- _DATASET EXCERPT_:
+++

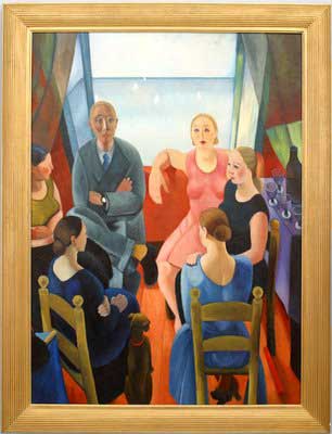 Copy of a portrait painting titled "The Stranger" showing a brightly rendered group of people sitting on chairs in a circle
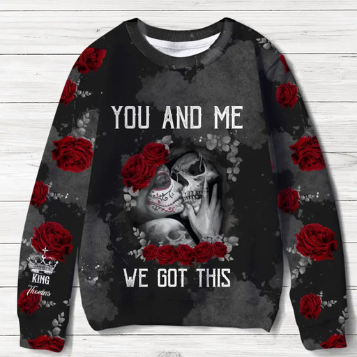 View full detailsPersonalized Skull Couple AOP Sweater - Christmas/Valentine's Day Gift Idea for Couple - You And Me We Got This
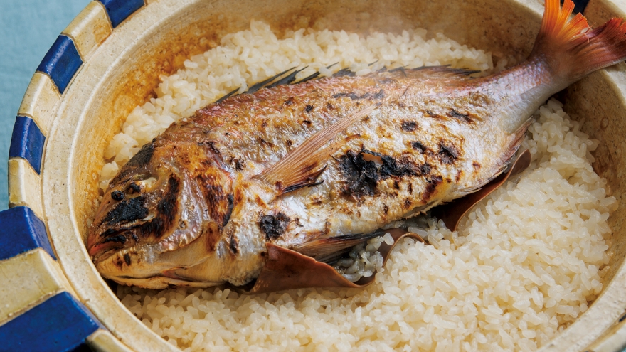 鯛(たい)を一匹使って、土鍋で炊いた鯛めし。蒸らしてふたを取れば、食欲をそそるよい香りが広がります。見た目も豪華で、お祝い事にもぴったり。

+++

- _EXERCISE INSTRUCTIONS_: Starting at the line that contains "View full detailsPersonalized", retype each line through the end of the data exactly, and leave out every picture.

- _ANSWER TO THE PROBLEM_:
 View full detailsPersonalized Skull Couple AOP Sweater - Christmas/Valentine's Day Gift Idea for Couple - You And Me We Got This
 鯛(たい)を一匹使って、土鍋で炊いた鯛めし。蒸らしてふたを取れば、食欲をそそるよい香りが広がります。見た目も豪華で、お祝い事にもぴったり。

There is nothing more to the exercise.